* **RECORDS FOR THIS TASK**

┌──

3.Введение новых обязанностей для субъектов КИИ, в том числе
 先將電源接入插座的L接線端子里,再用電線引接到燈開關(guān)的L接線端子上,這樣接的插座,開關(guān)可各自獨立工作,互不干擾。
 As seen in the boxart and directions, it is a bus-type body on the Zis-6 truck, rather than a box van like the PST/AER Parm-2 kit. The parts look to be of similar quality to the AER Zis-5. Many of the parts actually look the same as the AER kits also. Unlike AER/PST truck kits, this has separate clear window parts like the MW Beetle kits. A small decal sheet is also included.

└──
┌──

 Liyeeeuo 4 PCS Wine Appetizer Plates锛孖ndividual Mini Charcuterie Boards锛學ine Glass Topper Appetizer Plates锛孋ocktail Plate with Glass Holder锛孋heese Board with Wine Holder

└──

Using the entries above, give back exactly the line containing "先將電源接入插座的L接線端子", the line containing "As seen in the", and every line between them, and nothing else.

 先將電源接入插座的L接線端子里,再用電線引接到燈開關(guān)的L接線端子上,這樣接的插座,開關(guān)可各自獨立工作,互不干擾。
 As seen in the boxart and directions, it is a bus-type body on the Zis-6 truck, rather than a box van like the PST/AER Parm-2 kit. The parts look to be of similar quality to the AER Zis-5. Many of the parts actually look the same as the AER kits also. Unlike AER/PST truck kits, this has separate clear window parts like the MW Beetle kits. A small decal sheet is also included.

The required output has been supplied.